Create a new instance of typeof(cigar) equal to cigar, but using the new memory mem which must be equal to the existing memory backing cigar. This operation does not do any validation.

This function is unsafe, because it assumes that mem == MemoryView(cigar). If this assumption is violated, any subsequent operation on the resulting AbstractCIGAR may cause undefined behaviour.

Examples

julia> mem = MemoryView("5S12M1X8M10S");

julia> cigar_1 = CIGAR(mem);

julia> cigar_2 = unsafe_switch_memory(cigar_1, copy(mem));

julia> cigar_1 == cigar_2
true

julia> MemoryView(cigar_1) === MemoryView(cigar_2)
false
CIGARStrings.encode!Function
encode!(
        mem::MutableMemoryView{UInt8},
        ::Type{T <: AbstractCIGAR},
        cigar::AbstractCIGAR
    )::T

Encode cigar as type T into the beginning of mem, and return the result as a new T backed by mem.
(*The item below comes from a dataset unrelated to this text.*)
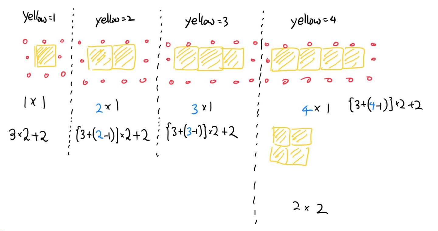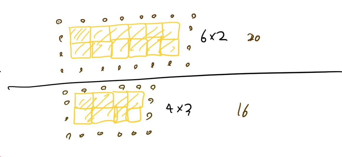 만약 동일하게 yellow가 예를 들어 12가 주어질 때 이는 아래 그림처럼 6x2인 경우도 존재할 수 있고 4x3인 경우도 존재할 수 있다. 이 때는 각각 brown의 수가 20과 16으로 다른 케이스가 된다.

Throw a LightBoundsError if mem is too short to contain the whole encoding.

Warning

Since the first bytes of mem are used to back the newly created cigar, mutating mem after this function is being called will invalidate the created cigar.

Examples

julia> c = CIGAR("3S5M1D19X2I6M3H");

julia> mem = MemoryView(zeros(UInt8, 60));

julia> bc = encode!(mem, BAMCIGAR, c)
BAMCIGAR(CIGAR("3S5M1D19X2I6M3H"))

julia> n_bytes = length(MemoryView(bc));

julia> ImmutableMemoryView(mem)[1:n_bytes] === MemoryView(bc)
true
CIGARStrings.encode_append!Function
encode_append!(
        v::Vector{UInt8},
        ::Type{T <: AbstractCIGAR},
        cigar::AbstractCIGAR
    )::T

Encode cigar as type T by appending its representation to v, and return the result as a new T backed by v's memory.

Warning

Since the returned cigar will use v as backing memory, mutating v after this function has been called will invalidate the created cigar.

Examples

julia> c = CIGAR("3S5M1D19X2I6M3H");

julia> v = UInt8[1, 2, 3, 4];

julia> bc = encode_append!(v, BAMCIGAR, c)
BAMCIGAR(CIGAR("3S5M1D19X2I6M3H"))

julia> v[1:4] == 1:4 # unchanged
true

julia> MemoryView(bc) === ImmutableMemoryView(v)[5:end]
true
CIGARStrings.OP_NConstant

'N': Region skipped from the reference (usually an intron)

CIGARStrings.PositionMapperType
PositionMapper{Params...}

Public struct returned by pos_to_pos(..., pos) when !isa(pos, Integer). This type may be referred to in stable code, but its API is defined by pos_to_pos

See also: pos_to_pos

CIGARStrings.queryFunction

Coordinate system representing the 1-based index in the query sequence

CIGARStrings.refFunction

Coordinate system representing the 1-based index in the reference sequence

CIGARStrings.alnFunction

Coordinate system representing the 1-based index in the alignment (i.e. query/ref including gaps)

CIGARStrings.ref_lengthFunction
ref_length(::AbstractCIGAR)::Int

Get the number of biosymbols in the reference of the CIGAR. This is the same as the lengths of all CIGARElements of type M, D, N, = and X.

See also: query_length, aln_length

Example

julia> ref_length(CIGAR("1S5M2D6M2I5M"))
18
CIGARStrings.query_lengthFunction
query_length(::AbstractCIGAR)::Int

Get the number of biosymbols in the query of the CIGAR. This is the same as the lengths of all CIGARElements of type M, I, S, = and X.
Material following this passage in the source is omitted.